Although the Court of Justice of the European Union has upheld the legality of the European legislation, countries around the world haven’t ceased their determination to fight against it. India is another example. It has now formally prohibited its airlines from participating in the EU ETS. The order follows an earlier government directive barring Indian carriers from submitting any data for use in the EU ETS.


“The European Union should be congratulated for pushing for environmental mitigation and making it a primary concern for the aviation industry,” says Paul Steele, IATA Director for Aviation Environment. “But the model they have adopted has become a major distraction. It is time to bring some clarity to the debate.”

Steele points out that a global problem in a global industry needs a global solution. All eyes are therefore turning to the International Civil Aviation Organization (ICAO). It is the correct forum to broker a deal that is acceptable to all parties, including developed and developing economies.

ICAO is evaluating a series of options. One of the areas of exploration is a straightforward carbon offsetting scheme. This would use 2020 as a baseline. Beyond 2020, if a state or an airline operator (this is being discussed) grew its carbon emissions, it would have to buy carbon credits to cover the excess. Monitoring, reporting, and verification procedures would also need global standards.

Another possibility is an offsetting scheme combined with extra revenue. As per the first idea, there would be an offsetting cost. But, in addition to this, there is a further cost associated with the amount of credits being bought. Any money spent from the scheme would be subject to internationally agreed criteria. The crucial question here is the level of extra revenue.

A third suggestion is a global ETS, much like the current European model. But unlike the EU ETS this wouldn’t have the associated sovereignty problems. It could also include commitments on how to spend any money raised; mitigating the environmental impact of aircraft engine emissions and supporting developing states would be two possible examples.

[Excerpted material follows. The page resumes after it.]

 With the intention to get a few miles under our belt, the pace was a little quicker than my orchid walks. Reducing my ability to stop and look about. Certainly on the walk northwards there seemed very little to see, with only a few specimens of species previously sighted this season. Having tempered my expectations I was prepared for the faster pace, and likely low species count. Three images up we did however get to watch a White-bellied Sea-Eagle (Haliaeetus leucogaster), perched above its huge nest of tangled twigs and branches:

“The ideal outcome is to confirm an agreement by the next ICAO Assembly in September 2013,” says Steele. “That would mean having a decision on what scheme, as well as the details of that scheme, by the end of 2012.”

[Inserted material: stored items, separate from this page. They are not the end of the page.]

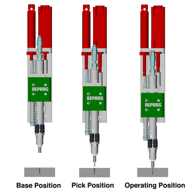 ¿Su aplicación requiere la presentación automática de un tornillo mediante un sistema de alimentación con una posición de picking? A continuación, podemos ofrecer un módulo de función de atornillador adecuado que incorpora no sólo un golpe de husillo, sino también un golpe de selección para levantar el cierre desde una posición de picking.
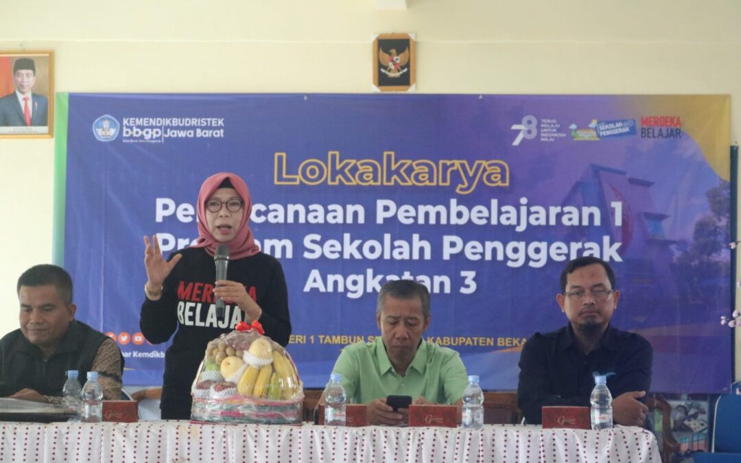 Sabtu, 26 Agustus 2023 – Kepala BBPMP Provinsi Jawa Barat menghadiri Lokakarya Perencanaan Pembelajaran 1 Program Sekolah Penggerak Angkatan 3 di SMPN 1 Tambun Selatan, Kabupaten Bekasi. Lokakarya ini merupakan salah satu upaya mentransformasi sekolah di Indonesia agar mendapatkan hasil belajar di atas level yang diharapkan, lingkungan belajar yang aman, nyaman, menyenangkan dan inklusif, proses pembelajaran yang berpusat pada murid, serta refleksi diri dan pengimbasan. Salah satu upaya dalam mencapai transformasi tersebut khususnya tentang penyelenggaraan pembelajaran yang berpusat pada murid dilakukan melalui pendampingan terhadap komite pembelajaran pada setiap sekolah penggerak melalui lokakarya. Lokakarya Perencanaan Pembelajaran 1: Pembelajaran yang berpusat pada murid merupakan kegiatan yang secara khusus membahas bagaimana mewujudkan pembelajaran serta ekosistem sekolah yang berpusat/berpihak pada murid.
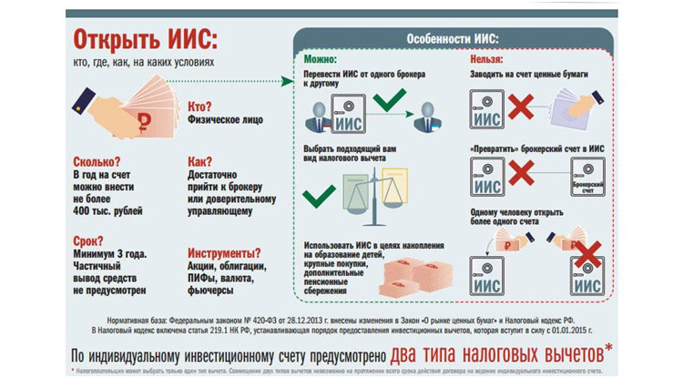Индивидуальные инвестиционные счета – это особый тип счетов, посредством которых можно приобретать ценные бумаги, который предоставляет своим владельцам право на получение налогового вычета либо на льготное налогообложение доходов, полученных в процессе инвестирования. Открытием счета ИИС занимаются управляющие компании и брокеры. У данного способа инвестирования есть определенные особенности и ряд ограничений:

To have these ideas is a positive step, according to Steele, as is the CO2 standard for aircraft. But he accepts that the EU ETS remains a stumbling block. IATA fully supports the ICAO process and is encouraging countries to become actively engaged in the debate.

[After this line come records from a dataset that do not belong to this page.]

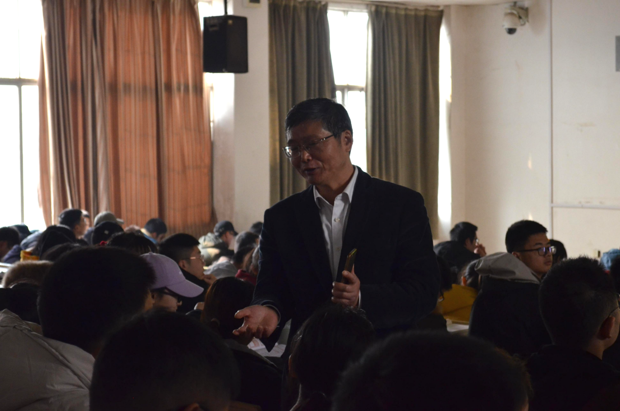 讲课初始,刘德顺书记带领同学们回顾2020年,过去一年中令人揪心的新冠疫情无疑是一个重大时事事件,书记以此为引顺利展示出本堂课的主题:“读懂疫情大考的‘中国答卷’”。随后,刘德顺书记抛出“疫情防控取得胜利的重要因素有哪些?”这一问题,现场的同学们积极思考,热请抢答,刘书记从同学们的答案中总结出人和社会两个方面的主要原因,归纳清楚明晰,让同学们印象深刻。
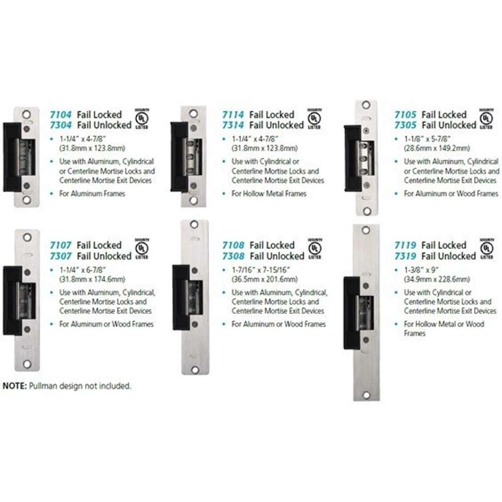 The 7 series centerline strikes accommodate 5/8” latch projections with various faceplate options to match most frame types. The RCI 7 series centerline strikes are compatible with a large range of door thicknesses from 1-3/8”-2-3/8”. These strikes function effectively with aluminum, cylindrical, centerline mortise locks, & exit devices. The RCI 7 series allows installers to adjust the strike pivot horizontally up to 1/8” for precise alignment.
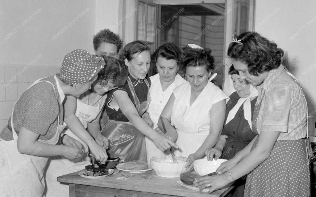 Farkas Józsefné tanárnő (b4) a torta készítését tanítja a Pedagógusok Szakszervezetének tagjainak a főzőtanfolyamon a szakszervezet Gorkij-fasori székházában.
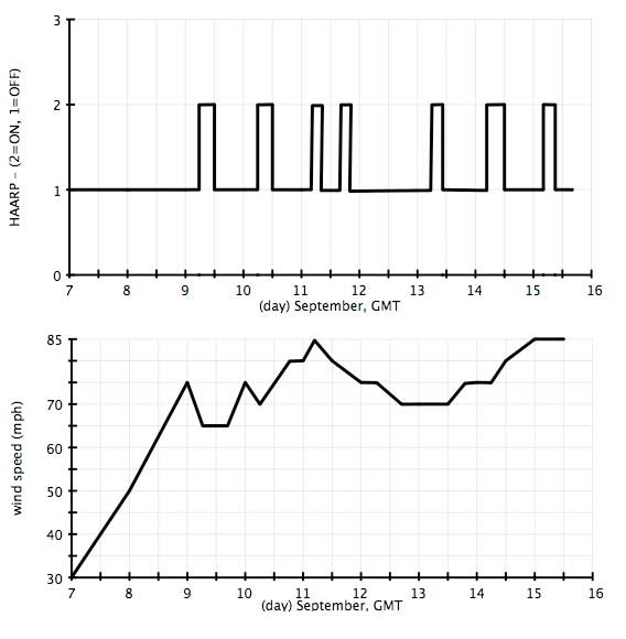 | Những thay đổi được các nhà khoa học ghi nhận lại khi HAARP hoạt động (ở phía trên) và tốc độ gió của bão Ophelia (ở dưới). Ảnh: Apollo. |

Siim Kallas, the European Commission Vice-President and Commissioner for Transport, has stated that the “ETS issue must be tackled, and solved, in ICAO.” The EU, however, is insisting that the ETS stays in place until a new agreement is reached.

Other countries are saying that EU ETS should be taken off the table before talks can begin. South Africa Tourism Minister Marthinus van Schalkwyk concluded his remarks to the Environment Summit in Geneva with a firm proposal. “If the EU is committed to a global solution, which I believe they are, and if the rest of the world is seriously committed to providing new political momentum to negotiations under ICAO, which I believe they are, there may be very good reasons for the EU to suspend the inclusion of aviation in the EU ETS for two years.”

Now the stakeholders are at the table, a decision on the best way forward needs to be delivered in a relatively quick timeframe. Success probably depends on a solution that is easy to implement technically and politically.

“Most observers agree a global ETS would be the most effective solution, but there are challenges. There are no global institutions capable of implementing the program and there is currently no global carbon market in which to operate,” says Steele. “It may be that states agree on simpler proposals that transition into a global ETS in the long term.”

With the economic environment still uncertain, the world can ill afford a trade war sparked by the extra-territorial aspects of the EU ETS. Nor can the world accept that climate change continues unabated. Negotiations on alternative economic measures must make significant progress in the run-up to the ICAO Assembly in September 2013.